What Is A Black Ace? | CC Sabathia Blesses David Price With Some Brotherly Drip
Since retiring, former MLB Black Knight CC Sabathia has a media and lifestyle brand named Roots of Fight which celebrates the improbable achievements of history’s most legendary athletes and their unique battle for greatness.
CC presented David Price with some special drip in the form of a sweatshirt and joggers. The logo has an Ace of spade between the two C’s with a B hovering over the Ace of Spade.
What’s A Black Ace?
The logo represents the Black Aces of MLB. That exclusive fraternity that hasn’t had a member enter since 2012 when Price went 20-5 for the Toronto Blue Jays. In many ways, Sabathia and Price are brothers beyond baseball and through their historical achievements have a unique bond that will tie them together in MLB lore.
“The term “Black Aces,” derived from the book, Baseball’s Only African-American Twenty-Game Winners, written by former major leaguer, and group member, Jim “Mudcat” Grant, the first African-American 20-game winner in the American League (Minnesota Twins, 1965) and the first African-American to win a World Series Game in the American League (1965).
The book is a historically accurate description of the lives of the thirteen African-American 20-game winners in the Majors that existed when the book was released in 2007.
The 15 Black Aces
Canadian-born Ferguson Jenkins won 20-games or more a remarkable seven times (1967, 1968, 1969, 1970, 1971, 1972, 1974)
Bullet Bob Gibson did it five times (1965, 1966, 1968, 1969, 1970)
Dave Stewart did it four times (1987, 1988, 1989, 1990)
Don Newcombe (1951, 1955 and 1956), and Vida Blue (1971, 1973, 1975) both won 20 or more games three times.
Dontrelle Willis (2005), CC Sabathia (2010), David Price (2012), Al Downing (1971), Dwight Gooden (1985), Sam Jones (1959), Mike Norris (1980), J.R. Richard (1976), Earl Wilson (1967) and of course, Mudcat Grant (1965) all did it once.
Respect Dave Stewart
Dave Stewart is the last Black pitcher to post multiple 20-win seasons. To put this into perspective, in the history of Major League Baseball only five black pitchers have eclipsed the 20 wins mark multiple times in a career.
Two of the five are in the Baseball Hall of Fame: Jenkins, who won more than 250 games in a 14-year career, and Gibson, who did it five times in a span of only six years.
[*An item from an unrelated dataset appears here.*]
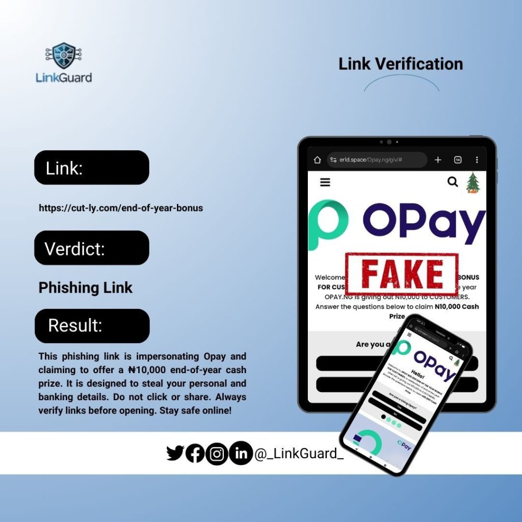 OPay is not running a ₦10,000 End-of-Year Cash Grant for customers in 2025. The message and link are part of a malicious scam campaign aimed at harvesting data and spreading fraud through WhatsApp sharing.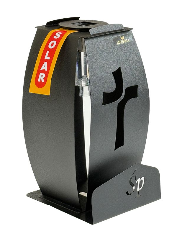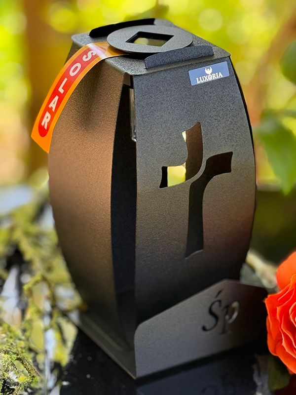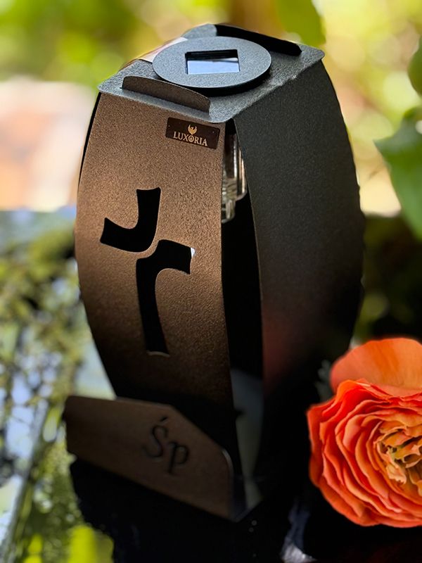 Kapliczka Solarna Metalowa LUXORIA 2 - Czarna Krzyż Śp. (22 cm)

Gibson was so unhittable in 1968, that MLB lowered the mound to make it easier for hitters to deal with such Black dominance
Newcombe of the Brooklyn Dodgers, who was the first black pitcher to ever win 20 (1951), and Vida Blue of the Oakland Athletics during the 1970s, each reached the achievement three times.
Price and CC are the last of MLB’s Black Aces.
Sabathia went 21-7 with the Yankees in 2010 after signing a huge free agent deal and then leading the Yankees to their first World Series in almost a decade in 2009. Price went 20-5 as the ace workhorse for the Toronto Blue Jays in 2012.
With the way pitching philosophy and culture has changed in the past decade, we may never see another Black or Brown 20-game winner again. So we must hold all Black Aces in the highest esteem because it’s one of the rarest achievements in baseball.